* Exercise description
Could you copy every record exactly, leaving the pictures behind?
═══ Material to process ═══
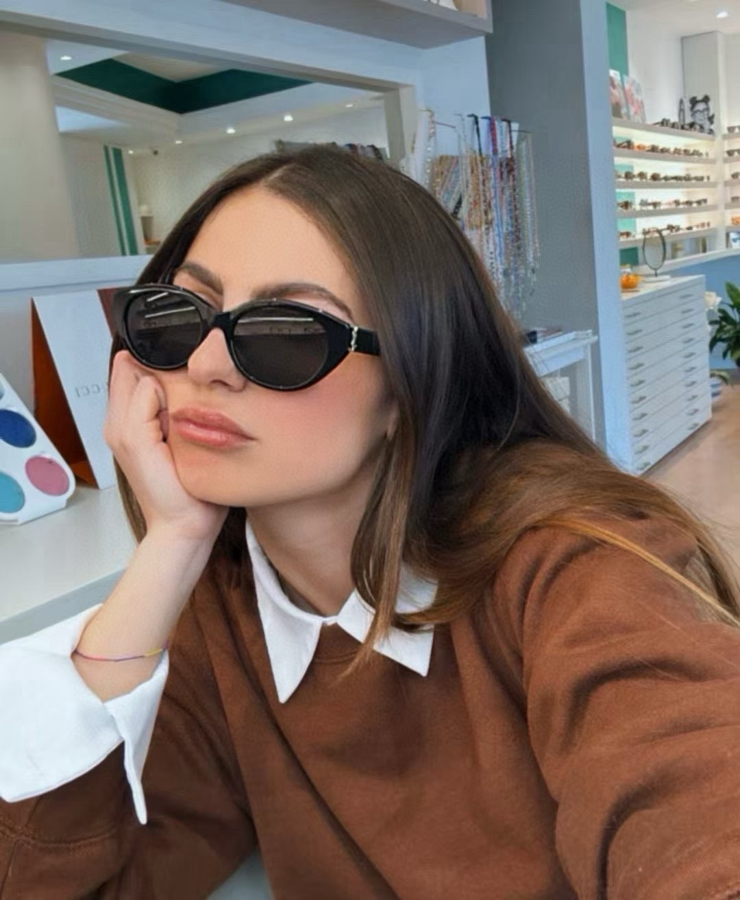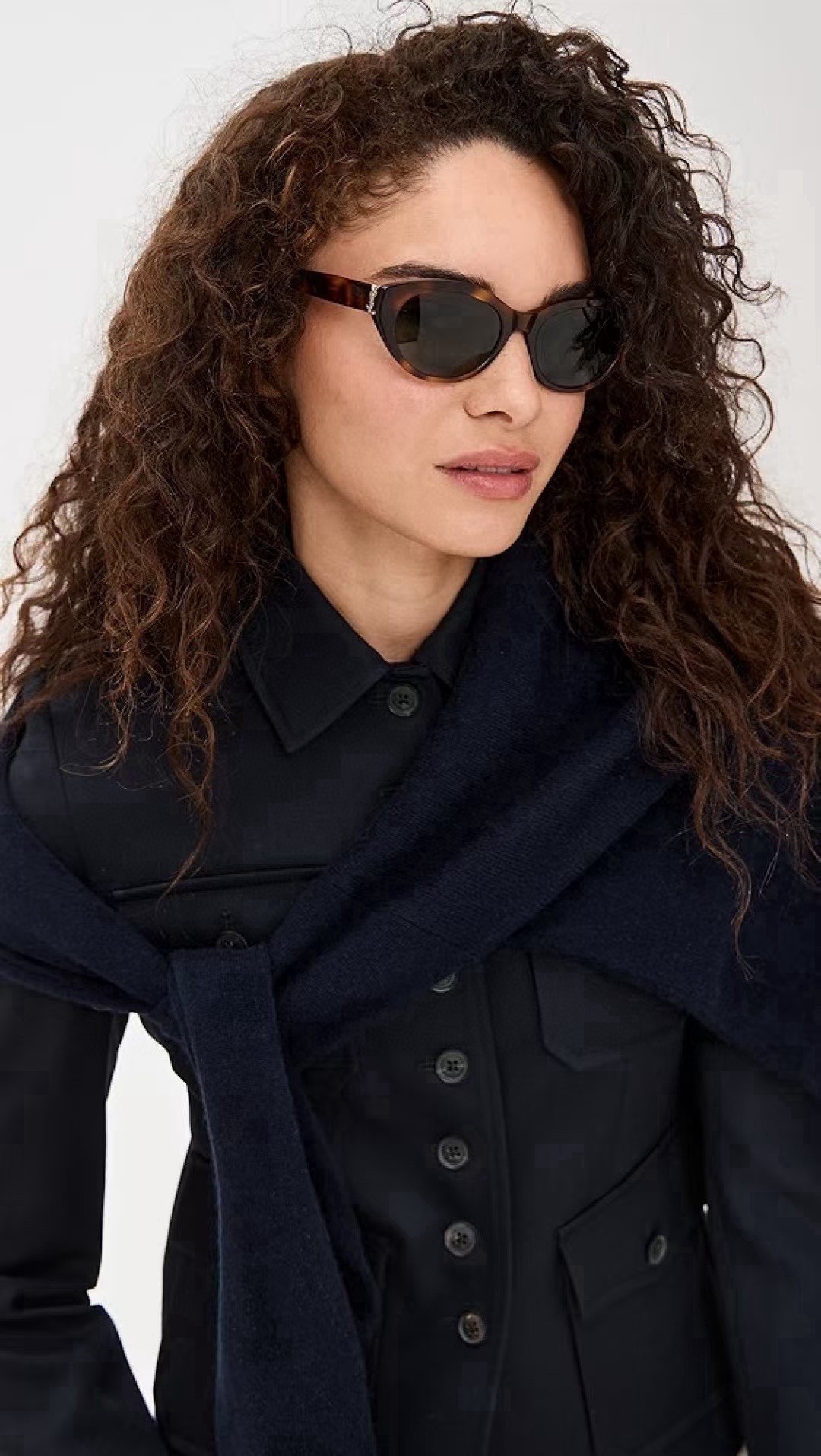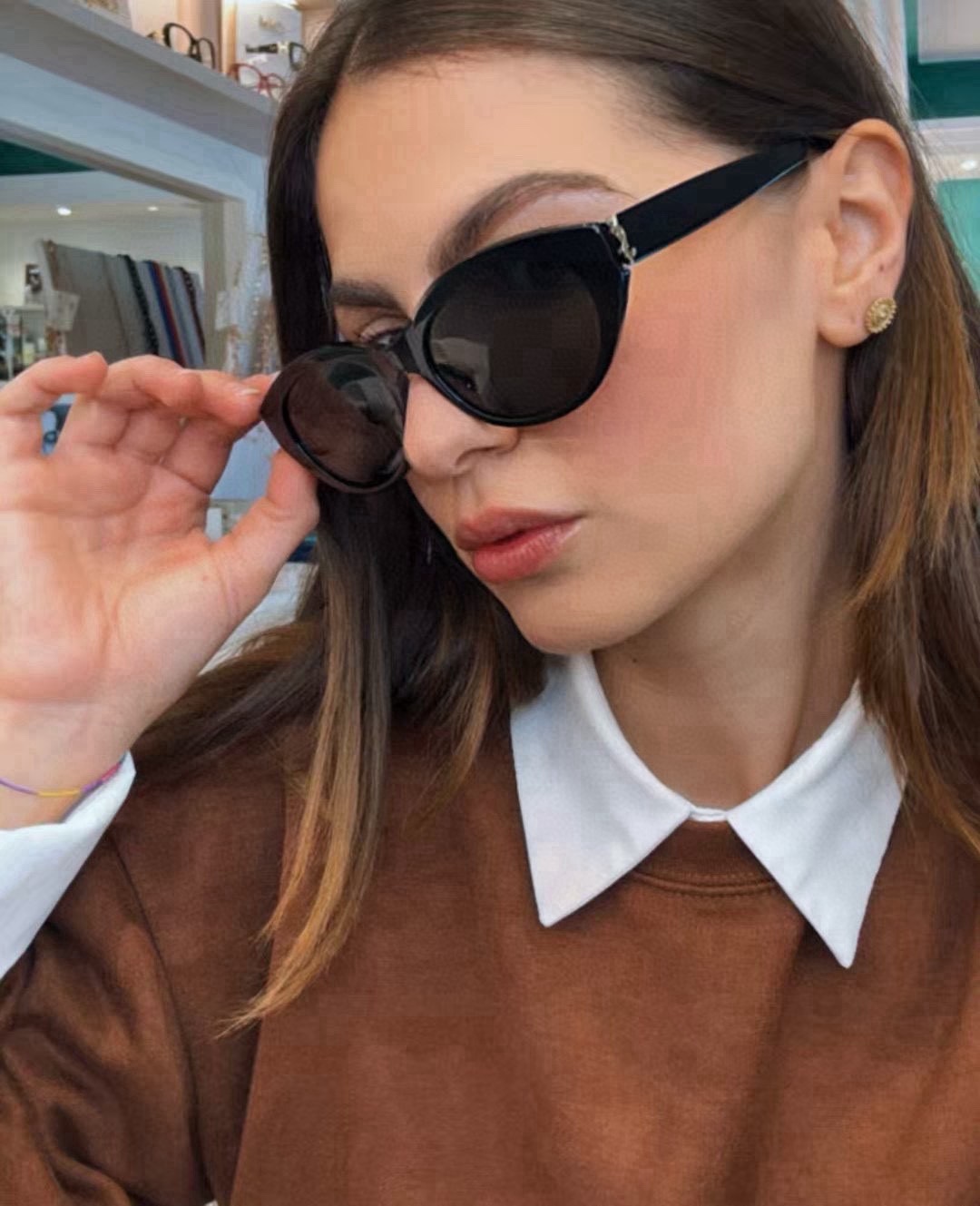 这款太阳眼镜是AAAAA 1:1 质量 (非常棒). 使用了和原版一模一样的材料. 商标部分也保持了和圣罗兰/Saint Laurent一样. 图片拍摄是实物太阳眼镜拍摄, 您所收到的实物保证和我们图片一模一样.
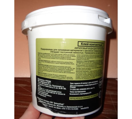 Странный какой-то этот клей. Очень напоминает ПВА, но без характерного кислого запаха. И инструкция по применению тоже непонятная. Если клей контактный, то это как правило подразумевает образование первичной пленки на обоих склеиваемых поверхностях через 1-5мин. после нанесения, после чего их следует плотно прижать друг к другу. Здесь же об этом ничего не сказано, и непонятно - то ли их нужно сложить и прижать сразу же после нанесения клея, то ли через некоторое время, когда образуется первичная пленка. Написано лишь то, что их нужно «совместить и плотно прижать на несколько секунд» и что для повышения прочности его нужно нанести на обе поверхности. Я нанес данный клей на полотнище из ВПЭ и на поверхность, куда его требовалось приклеить. Ждал минут 15, но пленка все никак не образовывалась, потом сложил поверхности и плотно прижал по всей площади. Спустя час посмотрел – а клей этот так и остался жидким и ничуть не застыл. За это время другие контактные клеи уже застывали, и было видно, что процесс склейки идет.
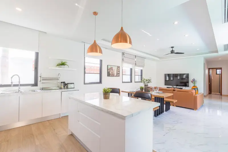 The rental also covers pool and garden maintenance (2 times/week) and monthly pest control. Please note there are mandatory extra fees: Cleaning Service (5,000 THB/month), which includes weekly cleaning and linen/towel changes. Utilities are charged based on usage: Electricity (7 THB/KW) and Water (50 THB/Cube). Strict conditions apply: No pets, no sub-leasing, and furniture must not be moved.
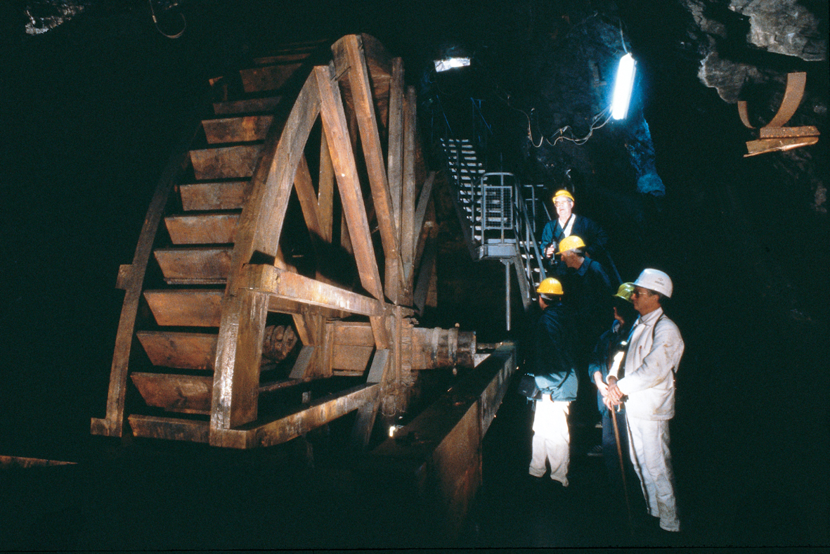 Goslar: Kehrrad im Roederstollen des Museums- und Besucherbergwerks Rammelsberg
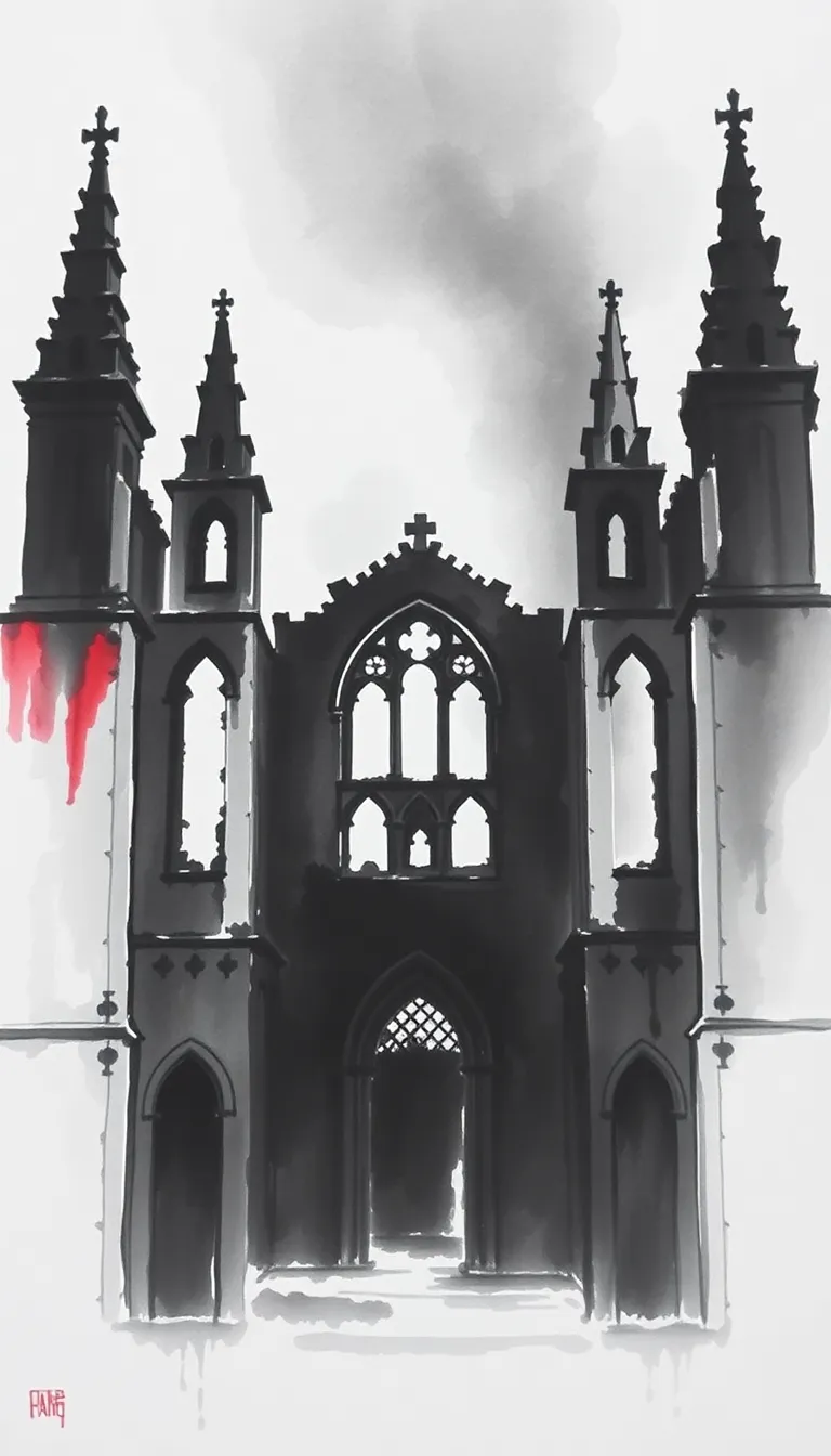 Dawn finds the cathedral slumped in ash, its spires fingers charred,
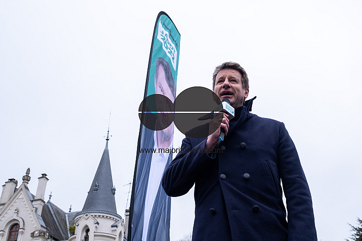 Yannick Jadot, Member of the European Parliament and candidate for the presidential election of the Europe Ecologie Les Verts (EELV) party, in Rennes to hold a meeting on the Place Hoche. Rennes, Brittany. France.
═══
* Solution for this problem
 这款太阳眼镜是AAAAA 1:1 质量 (非常棒). 使用了和原版一模一样的材料. 商标部分也保持了和圣罗兰/Saint Laurent一样. 图片拍摄是实物太阳眼镜拍摄, 您所收到的实物保证和我们图片一模一样.
 Странный какой-то этот клей. Очень напоминает ПВА, но без характерного кислого запаха. И инструкция по применению тоже непонятная. Если клей контактный, то это как правило подразумевает образование первичной пленки на обоих склеиваемых поверхностях через 1-5мин. после нанесения, после чего их следует плотно прижать друг к другу. Здесь же об этом ничего не сказано, и непонятно - то ли их нужно сложить и прижать сразу же после нанесения клея, то ли через некоторое время, когда образуется первичная пленка. Написано лишь то, что их нужно «совместить и плотно прижать на несколько секунд» и что для повышения прочности его нужно нанести на обе поверхности. Я нанес данный клей на полотнище из ВПЭ и на поверхность, куда его требовалось приклеить. Ждал минут 15, но пленка все никак не образовывалась, потом сложил поверхности и плотно прижал по всей площади. Спустя час посмотрел – а клей этот так и остался жидким и ничуть не застыл. За это время другие контактные клеи уже застывали, и было видно, что процесс склейки идет.
 The rental also covers pool and garden maintenance (2 times/week) and monthly pest control. Please note there are mandatory extra fees: Cleaning Service (5,000 THB/month), which includes weekly cleaning and linen/towel changes. Utilities are charged based on usage: Electricity (7 THB/KW) and Water (50 THB/Cube). Strict conditions apply: No pets, no sub-leasing, and furniture must not be moved.
 Goslar: Kehrrad im Roederstollen des Museums- und Besucherbergwerks Rammelsberg
 Dawn finds the cathedral slumped in ash, its spires fingers charred,
 Yannick Jadot, Member of the European Parliament and candidate for the presidential election of the Europe Ecologie Les Verts (EELV) party, in Rennes to hold a meeting on the Place Hoche. Rennes, Brittany. France.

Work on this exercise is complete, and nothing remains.